Consider 2 real functions $f, g: \mathbb{R}\to\mathbb{R}$ and $\alpha \in \mathbb{R}$. First I thought that the following equality was true \begin{align} &\int_{-\infty}^{\infty}dtg(t)\frac{1}{2\pi}\int_{-\infty}^{\infty}d\omega e^{-i\omega t}(i\omega)^\alpha\int_{-\infty}^{\infty} d\tau e^{i\omega \tau}f(\tau) \\ = &(-1)^\alpha \int_{-\infty}^{\infty} d\tau f(\tau)\frac{1}{2\pi}\int_{-\infty}^{\infty} d\omega e^{-i\omega \tau} (i\omega)^\alpha\int_{-\infty}^{\infty} dt e^{i\omega t} g(t) \\ \end{align} where we made the substitution $\omega \to -\omega$.

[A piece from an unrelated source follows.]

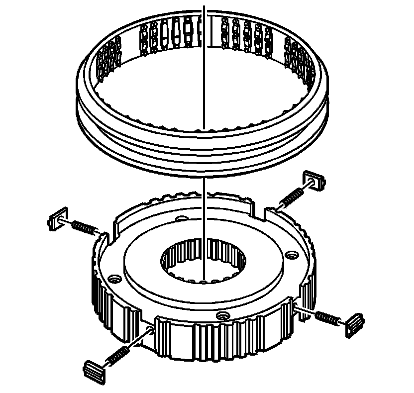 ^ Only disassemble the synchronizer sleeve from the synchronizer hub if there is a suspected gear shift concern.
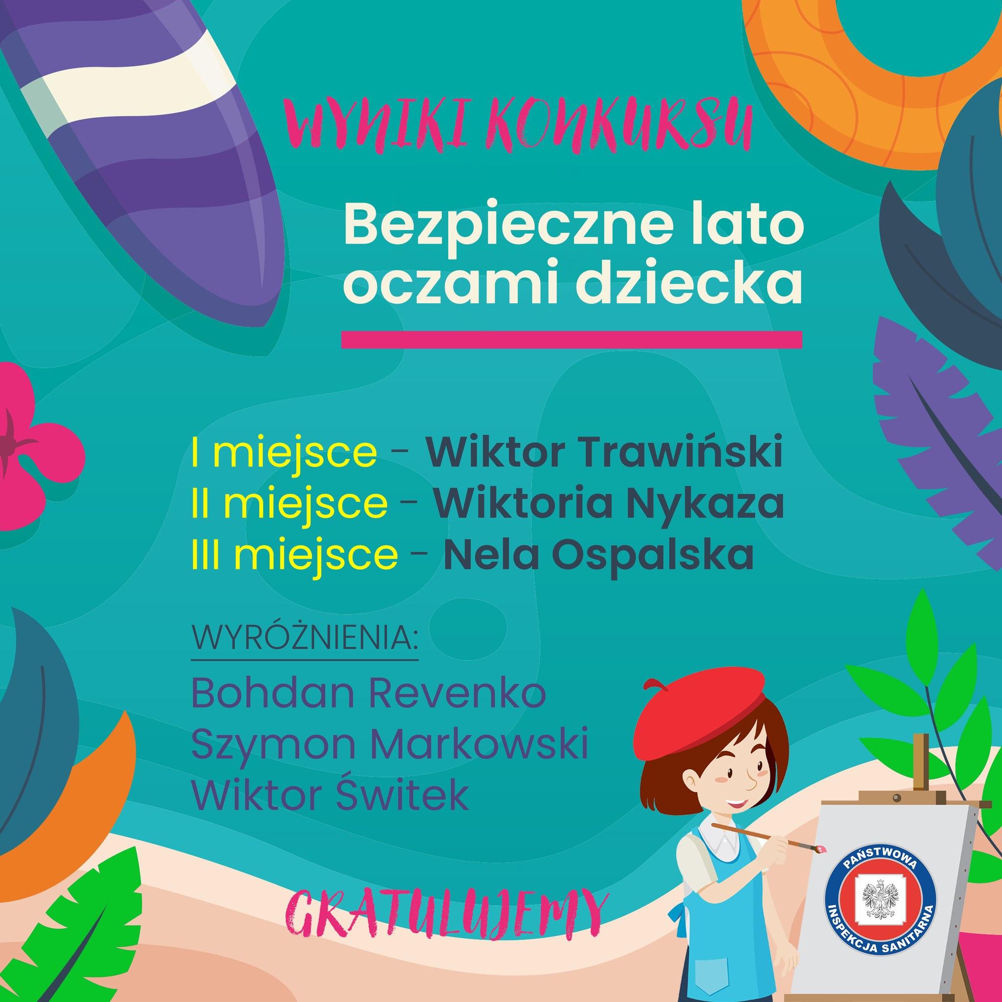 Wojewódzka Stacja Sanitarno - Epidemiologiczna w Bydgoszczy ogłosiła 14 czerwca wyniki konkursu plastycznego pn. Bezpieczne lato oczami dziecka, który był kierowany dla uczniów klas I-III szkół podstawowych, na terenie województwa Kujawsko - Pomorskiego.

However on further inspection I noticed that the left side is real (can be checked by taking the complex conjugate) but the right hand side is not (since $(-1)^\alpha = e^{i\pi\alpha}$). So my question is what am I missing?
Edit:
I think the fault is when I do the substitution $(-1)^\alpha (i\omega)^\alpha \stackrel{?}{=} (-i\omega)^\alpha$. But then how do I isolate the -?